◆ AIM OF THE EXERCISE: Beginning with the line containing "2024年6月24日,由中国" and ending at the last line of the records, transcribe each line exactly. Do not include pictures.
[EXCERPTED DATA Boundary: Start]
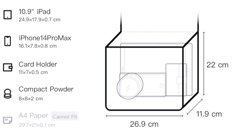 Д26,9*Ш11,9*В22см
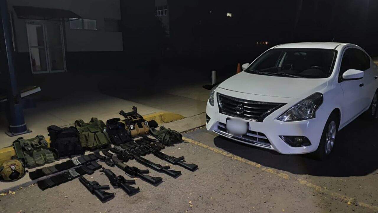 Entre lo incautado se encuentran cinco rifles y cargadores de alto calibre, además de chalecos tácticos.
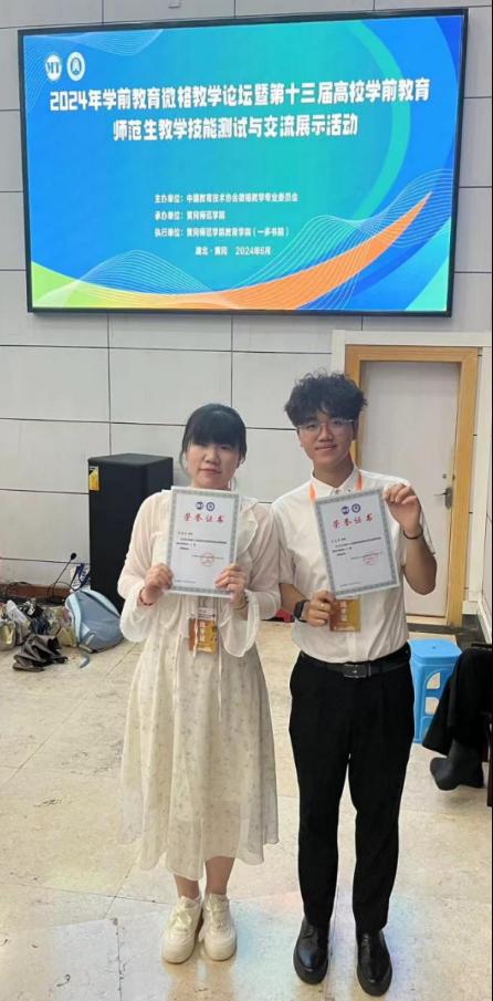 2024年6月24日,由中国教育技术协会微格教学专业委员会主办,黄冈师范学院承办的2024年学前教育微格教学论坛暨第十三届高校学前教育师范生教学技能测试与交流展示活动在湖北黄冈落下帷幕。经过激烈角逐,我院学前教育专业刘佳莹、朴浩男均荣获本科生教育技能测试二等奖。
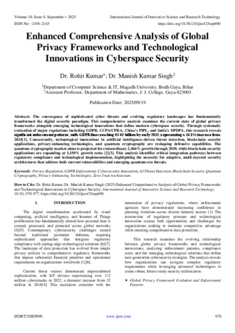 Kumar, Dr. Rohit and Singh, Dr. Manish Kumar (2025) Enhanced Comprehensive Analysis of Global Privacy Frameworks and Technological Innovations in Cyberspace Security. International Journal of Innovative Science and Research Technology, 10 (9): 25sep690. pp. 970-977. ISSN 2456-2165
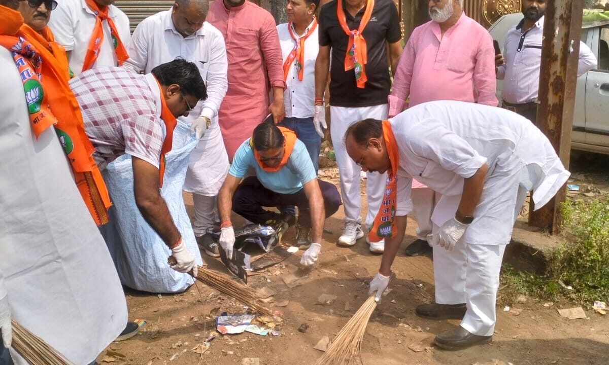 स्वच्छता अभियान पश्चात संकल्प लेकर भाजपा ने दी महात्मा गांधी को स्वच्छांजलि
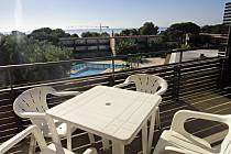 Confortables y modernos apartamentos con aire acondicionado para cuatro personas. Distribuidos en una habitación con dos camas individuales y un sofá-cama doble, cocina tipo kitchenette. Cuentan con un baño completo con bañera. Disponen de una amplia terraza con vistas a la piscina.
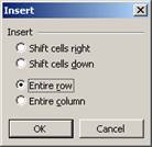 fie se actioneaza butonul dreapta a mouse-ului, de unde se selecteaza optiunea Insert si mai departe, din fereastra noua deschisa, Entire Row (fig. 47, 48).
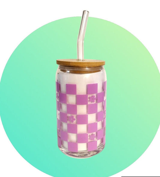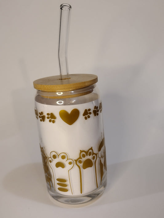 16 oz or 20 oz Cat paw glass can cup with lid and glass straw
[EXCERPTED DATA Boundary: End]
◆ TASK ANSWER:
 2024年6月24日,由中国教育技术协会微格教学专业委员会主办,黄冈师范学院承办的2024年学前教育微格教学论坛暨第十三届高校学前教育师范生教学技能测试与交流展示活动在湖北黄冈落下帷幕。经过激烈角逐,我院学前教育专业刘佳莹、朴浩男均荣获本科生教育技能测试二等奖。
 Kumar, Dr. Rohit and Singh, Dr. Manish Kumar (2025) Enhanced Comprehensive Analysis of Global Privacy Frameworks and Technological Innovations in Cyberspace Security. International Journal of Innovative Science and Research Technology, 10 (9): 25sep690. pp. 970-977. ISSN 2456-2165
 स्वच्छता अभियान पश्चात संकल्प लेकर भाजपा ने दी महात्मा गांधी को स्वच्छांजलि
 Confortables y modernos apartamentos con aire acondicionado para cuatro personas. Distribuidos en una habitación con dos camas individuales y un sofá-cama doble, cocina tipo kitchenette. Cuentan con un baño completo con bañera. Disponen de una amplia terraza con vistas a la piscina.
 fie se actioneaza butonul dreapta a mouse-ului, de unde se selecteaza optiunea Insert si mai departe, din fereastra noua deschisa, Entire Row (fig. 47, 48).
 16 oz or 20 oz Cat paw glass can cup with lid and glass straw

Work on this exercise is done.